Character, Ayyan Mani observed in the anteroom, is actually blood pressure.

Oparna did not visit the third floor for days after that. But one Wednesday she appeared. She went to Acharya and said, ‘I can accept this. It’s over, I know. Sorry I behaved like an idiot. I’m all right now.’

‘I am sorry,’ Acharya said wearily. ‘I am responsible for all this. But I don’t know what is the right thing to do now.’

‘Don’t worry about that,’ she said, ‘I am all right.’

‘You are?’

‘Yes,’ she said. ‘Let’s finish the Mission. It means a lot to both of us. And then we shall see.’

‘And then we shall see,’ he said softly.

Her eyes slowly became luminous and she turned away and left the room. He stood there, feeling lonely, staring at the door that was still closing. He remembered the dwarf from another time who rode the elephant, his fate decided aeons before, like the birth of stars and the collision of worlds.
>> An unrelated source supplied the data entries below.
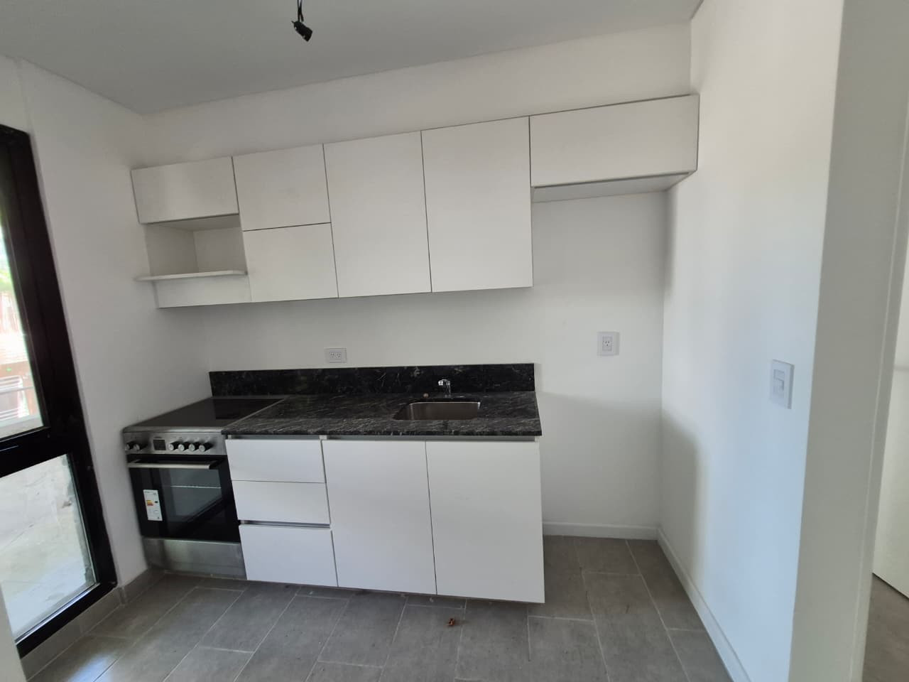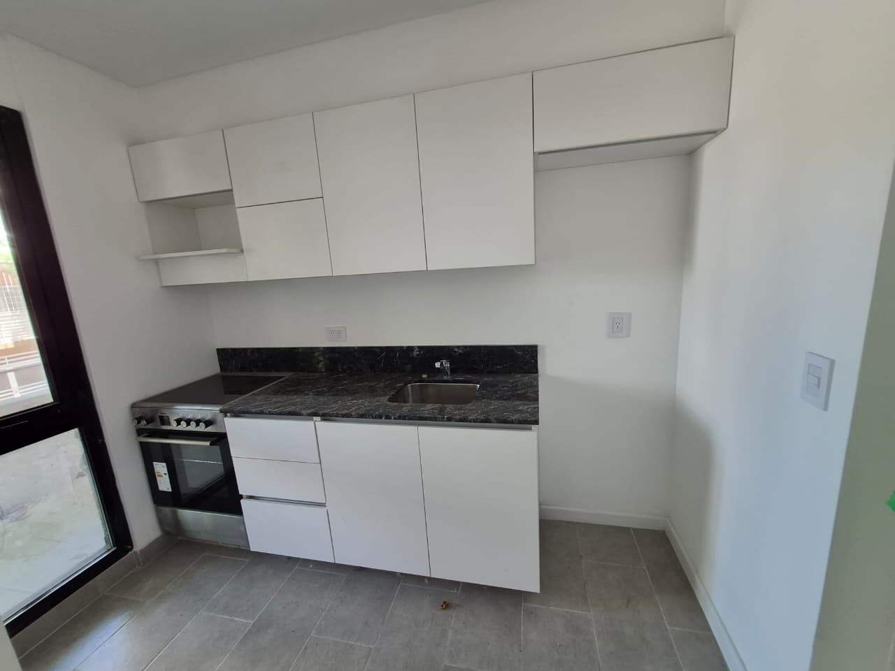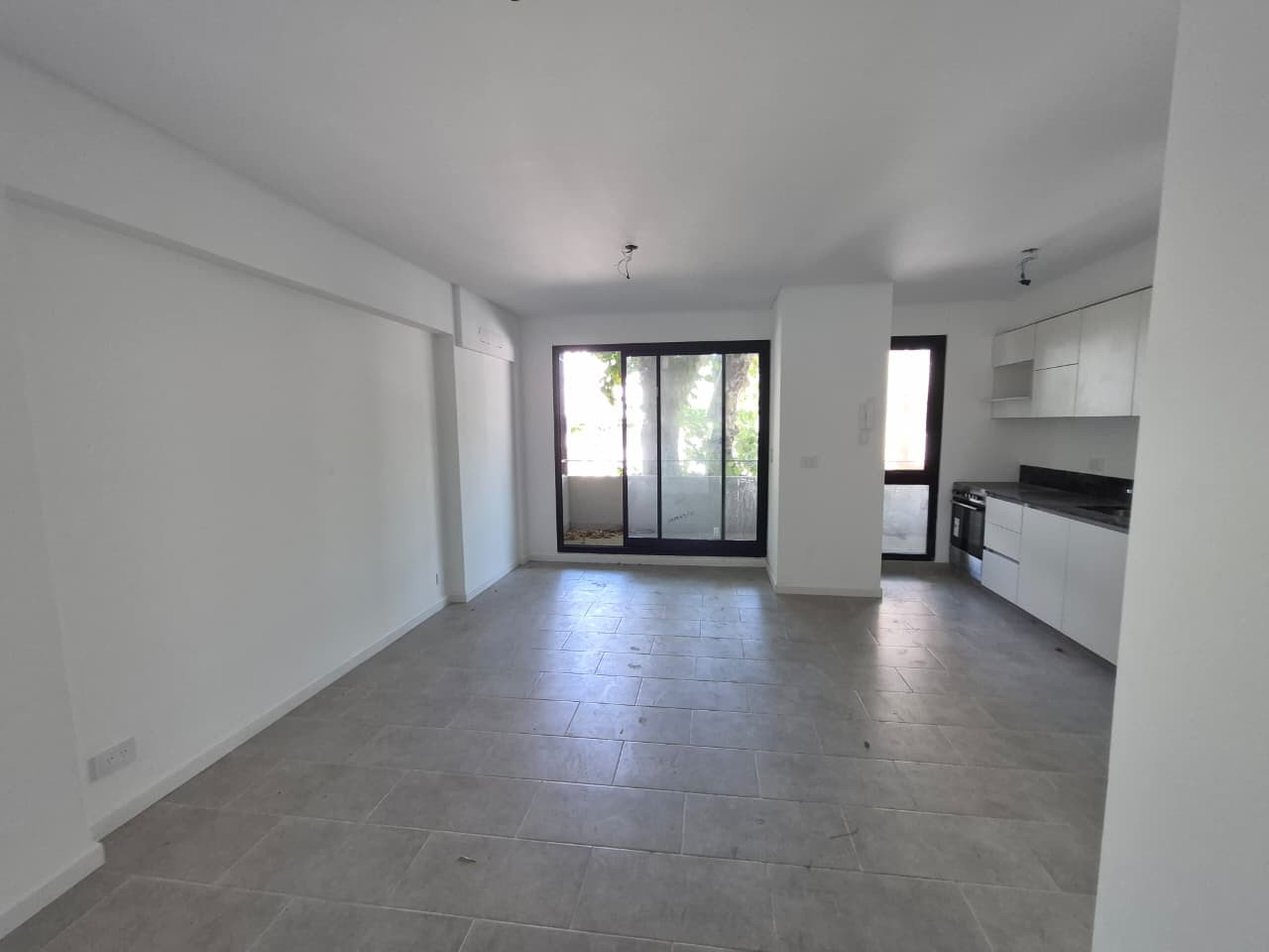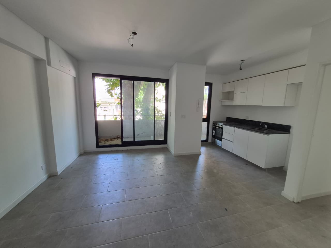 Departamento de 2 ambientes a estrenar, al frente, con balcón, con 1 dormitorio. Tiene hall de entrada con comunicación al toilette (2 x 1) y living comedor (5,5 x 3,2) con cocina integrada (2,8 x 1,5). El dormitorio (3,7 x 3) incluye placard, hall de entrada y baño en suite (2,03 x 1,5); balcón corrido al frente (8,2 x 1,2). Edificio con amenities: parrilla, jardín parquizado y piscina. Es todo eléctrico, con cocina ATMA y termotanque. Ajuste cada 4 meses por IPC; alquiler con 1 mes de adelanto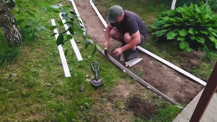 Наметьте, где будет располагаться будущая садовая дорожка. Снимите около 3—5 см дерна. Поставьте опалубку. Можно использовать любой имеющийся в наличии материал. В данном МК мастер использовал старые пластиковые панели.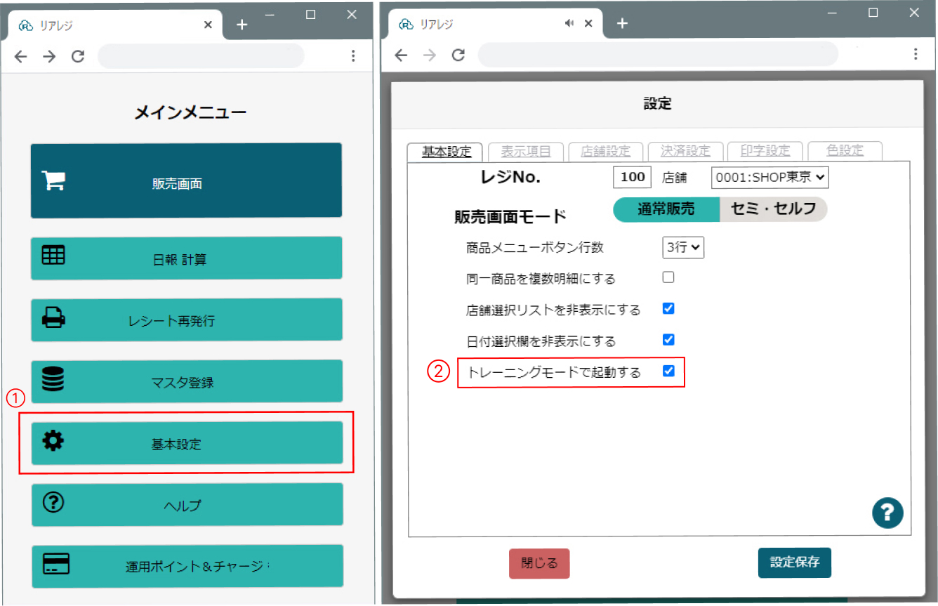 販売画面を閉じるか、販売画面ブラウザタブの「✖」を押してメインメニューを表示します 1-「レジ基本設定」を押します 2-レジ基本設定「店舗設定」を押します 3-「税率変更機能使用」を「しない」に設定 4-「設定保存」を押します 5-メインメニュー「販売画面」を押します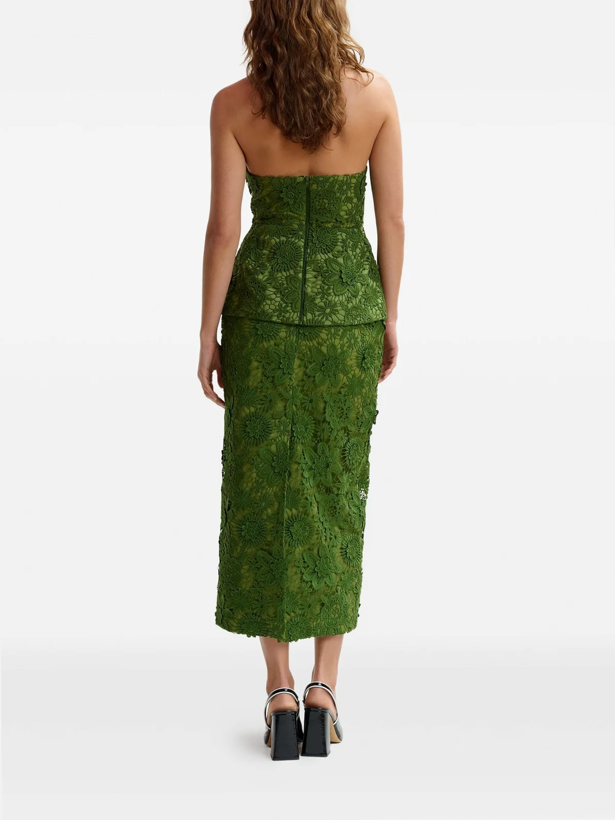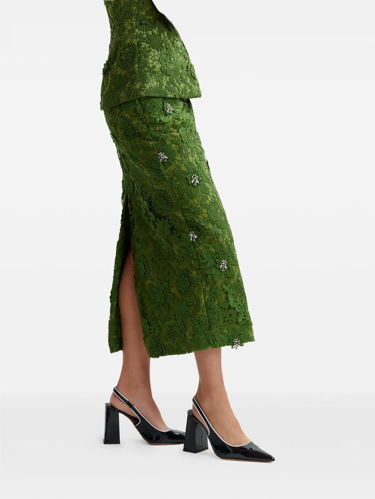 floral lace rhinestone midi skirt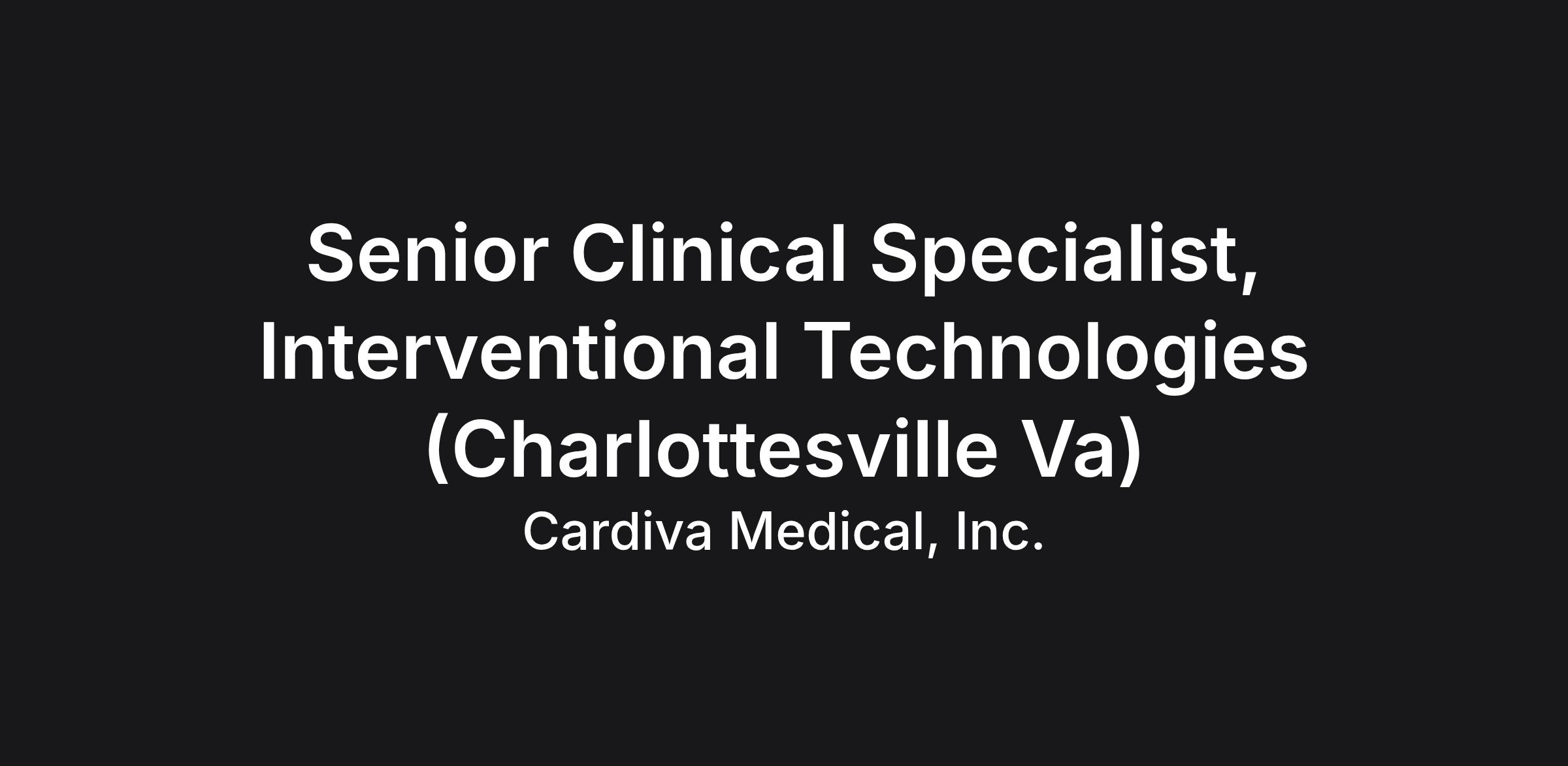 Senior Clinical Specialist, Interventional Technologies (Charlottesville Va)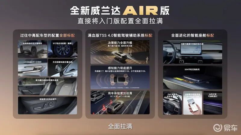 易车讯 2月24日,广汽丰田宣布全新威兰达AIR版正式上市。全新换代威兰达Air版下订即享现⾦优惠2.2万元,再加上国补、⼚补1万元,权益直降3.2万元。2.0L汽油AIR版最终权益价13.78万元;2.0L混动AIR版最终权益价14.78万元。
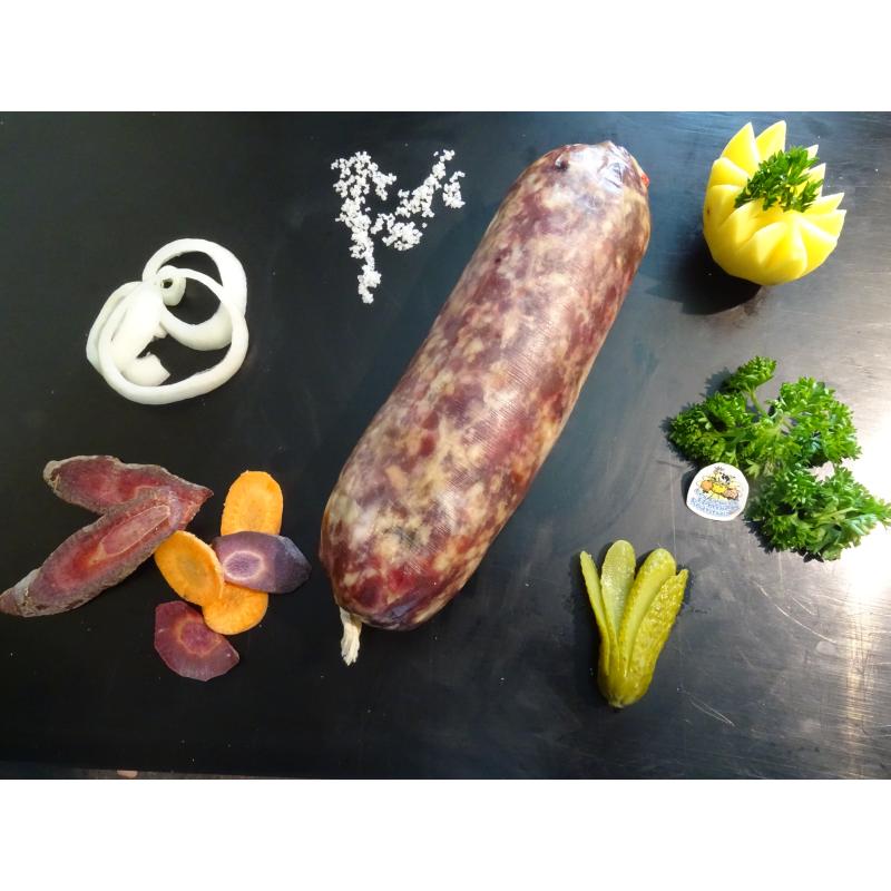 Ingrédients : Abats de porc, sel, LACTOSE, dextrose, poudre de jus de blettes, sucre, carottes déshydratées, poivre, ail.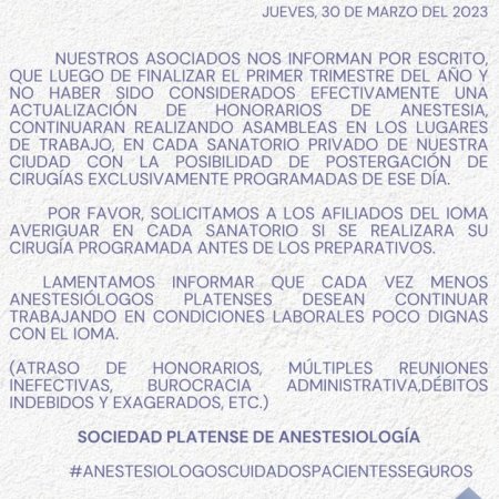 Ante el atraso de honorarios y débitos indebidos, anestesiólogos de La Plata continúan en conflicto con IOMA

Our stories, too, Oparna, were just meant to be. But this truth, there was something indecent about this truth.

PART FOUR. The First Thousand Prime Numbers

IT WAS RAINING hard and the taxi driver could not see a thing. But he was racing down the wet road, honking. There were no wipers on the windscreen, but there was one lying on his dashboard. He grabbed it, muttering something, and holding the steering-wheel with one hand, he reached out through the window to clean the windscreen. He saw, just in the time, the tail-lights of a car standing at the signal. He almost stood on the break and screamed, ‘Motherfucker.’ The taxi stopped inches from the car. Adi asked his father what a motherfucker was.